Penguins and seals were next on the menu for the starving explorers after, using intact lifeboats from the wreck, they made landfall at Elephant Island. It was from this uninhabited rock that Shackleton launched his sturdiest lifeboat, the James Caird, taking five other men with him on a return trip to South Georgia island through the stormy, freezing seas. The men were at constant danger of being capsized against rocks by the hurricane force winds, the same winds which the crew later learned had sunk a 500-ton steamer, before landing successfully at their destination fifteen days later. Shackleton returned to Elephant Island shortly after aboard a rescue ship and all 28 members of his crew were saved.
The Endurance now lies below nearly 10,000 feet (3,000 meters) of dark water, its timbers likely well preserved by the absence of light and low oxygen content. The location where it sank, logged at the time by ship' captain Frank Worsley, is well known. The real difficulty for the Endurance22 team will be in bulldozing through miles of thick ice in the Weddell Sea.

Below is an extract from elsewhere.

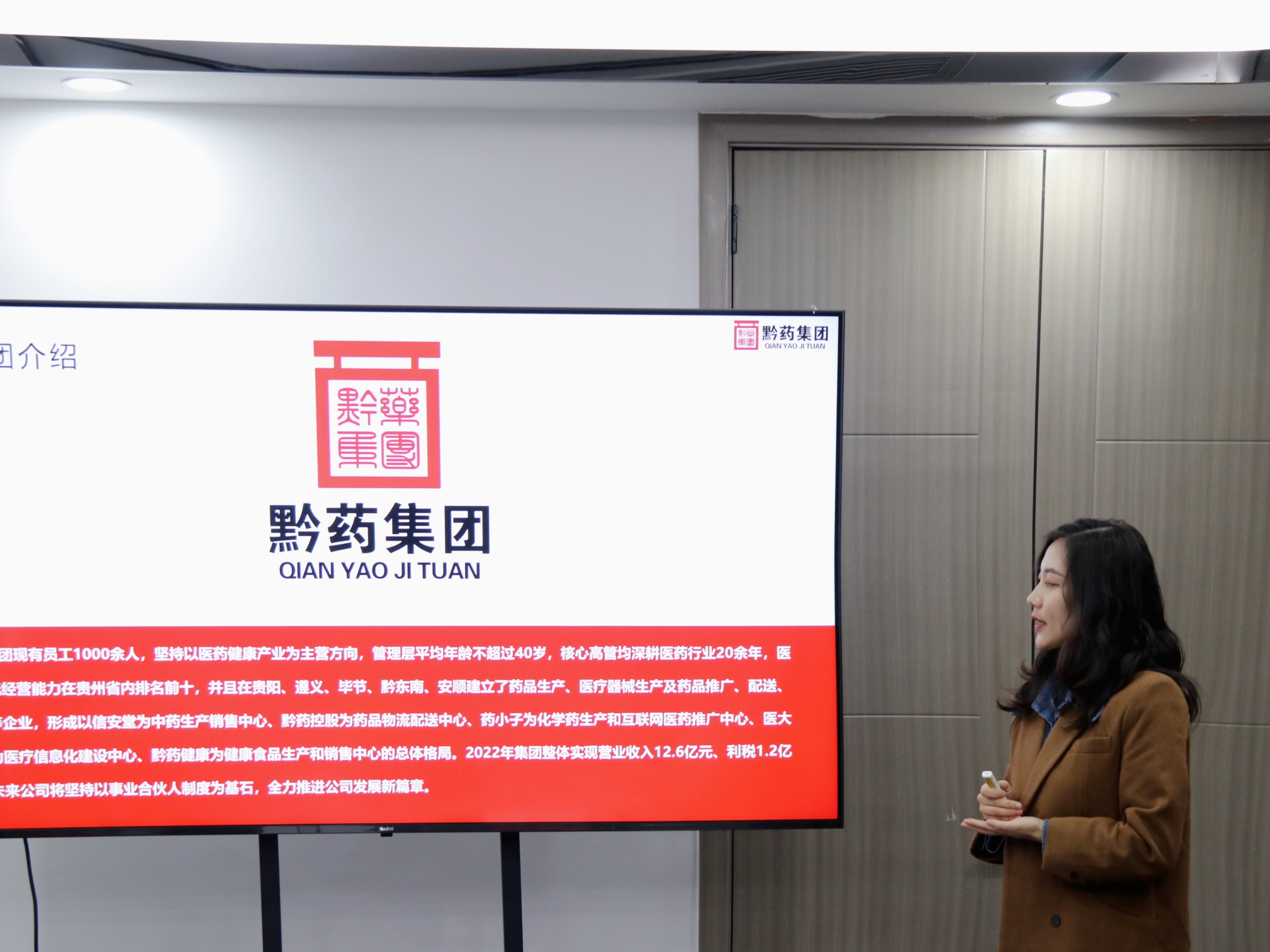 會議(yì)上,左瑩以PPT講解的形式,詳細介紹了黔藥集團的概況。展示集團的願景、使命、核心和整體(tǐ)形象,讓校(xiào)方更深入地了解集團。

Although climate change will make the ice floe easier to break through than in Shackleton's day, arriving at the location his ship sank at is still a challenge. The scientists intend to get there by ramming the ice with the icebreakers fitted to their ship, the South African SA Agulhas II. Once the researchers are sufficiently close to the documented site of the wreck, they will lower a Saab Sabertooth autonomous submarine into the freezing water and use satellite radar imagery to navigate it to the wreck.
The oxygen levels at the wreck's location are high enough to sustain life, so the team suspects that a rich and strange ecosystem may have bloomed around the sea-changed Endurance. The researchers said there is even a possibility that they will discover new species.
Donald Lamont, chairman of the Falklands Maritime Heritage Trust, which is funding the expedition, believes broadcasting the wreck's discovery could have implications for future explorers as well.
"We hope that bringing this story to new generations will inspire them to explore, to overcome whatever challenges they may face, and to understand more about the Antarctic environment and how important it is even to those of us who live thousands of miles to the North," Lamont said.